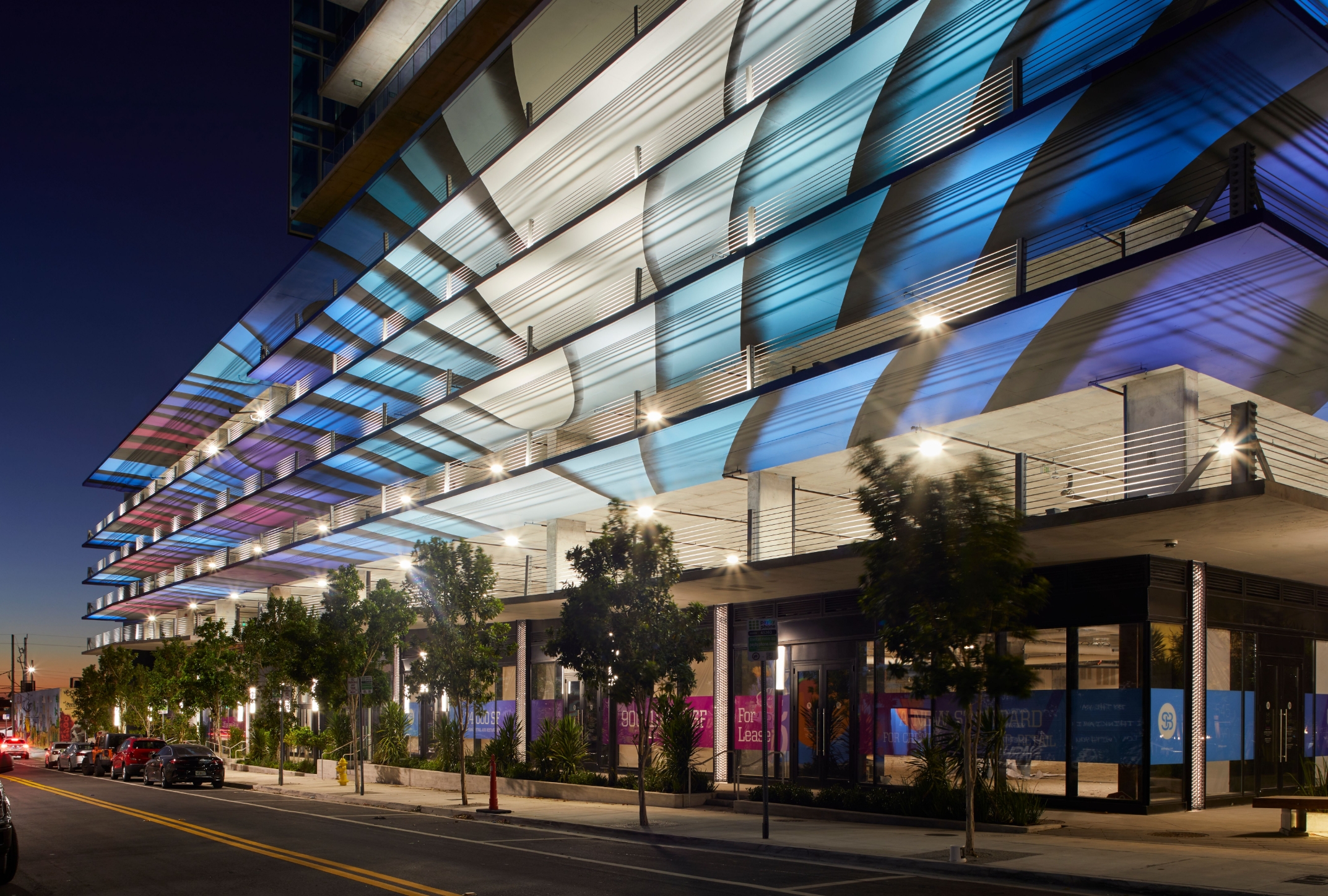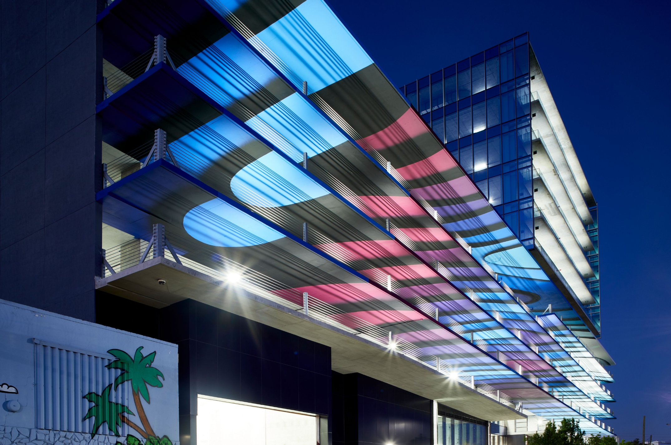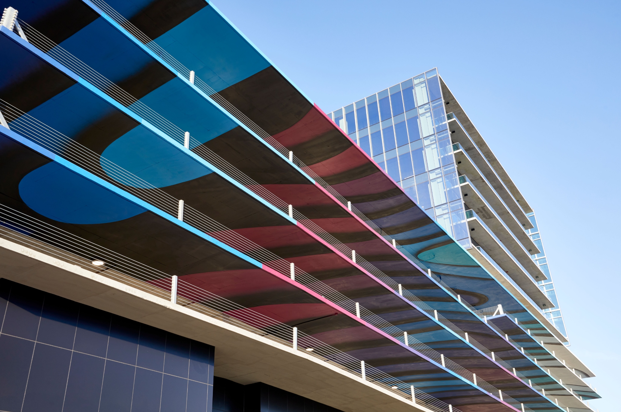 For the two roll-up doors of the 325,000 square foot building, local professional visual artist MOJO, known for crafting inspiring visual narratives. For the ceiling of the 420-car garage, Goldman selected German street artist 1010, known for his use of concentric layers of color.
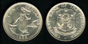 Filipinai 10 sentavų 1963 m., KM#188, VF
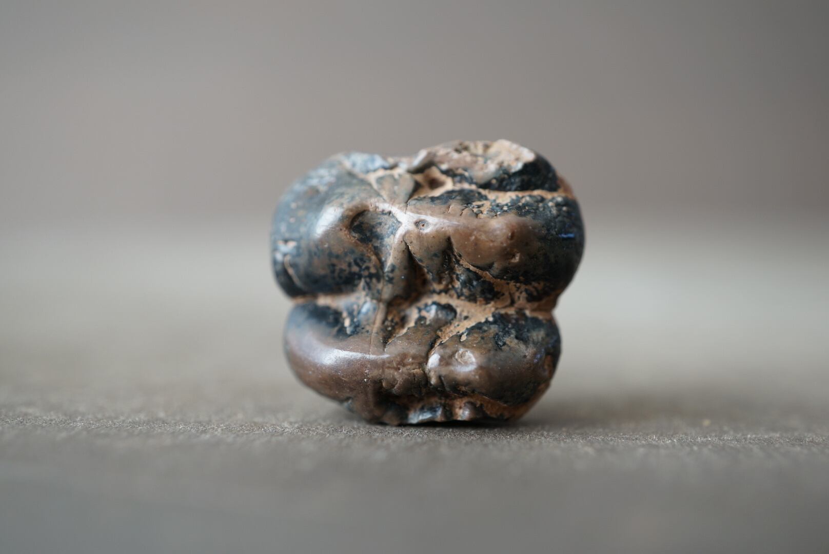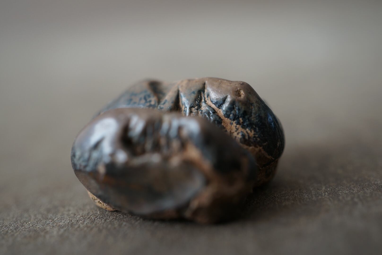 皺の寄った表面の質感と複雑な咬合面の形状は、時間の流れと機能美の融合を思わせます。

(Problem to work on)
Restate all of the material above word for word. Pictures do not belong in it.

(Result below)
 For the two roll-up doors of the 325,000 square foot building, local professional visual artist MOJO, known for crafting inspiring visual narratives. For the ceiling of the 420-car garage, Goldman selected German street artist 1010, known for his use of concentric layers of color.
 Filipinai 10 sentavų 1963 m., KM#188, VF
 皺の寄った表面の質感と複雑な咬合面の形状は、時間の流れと機能美の融合を思わせます。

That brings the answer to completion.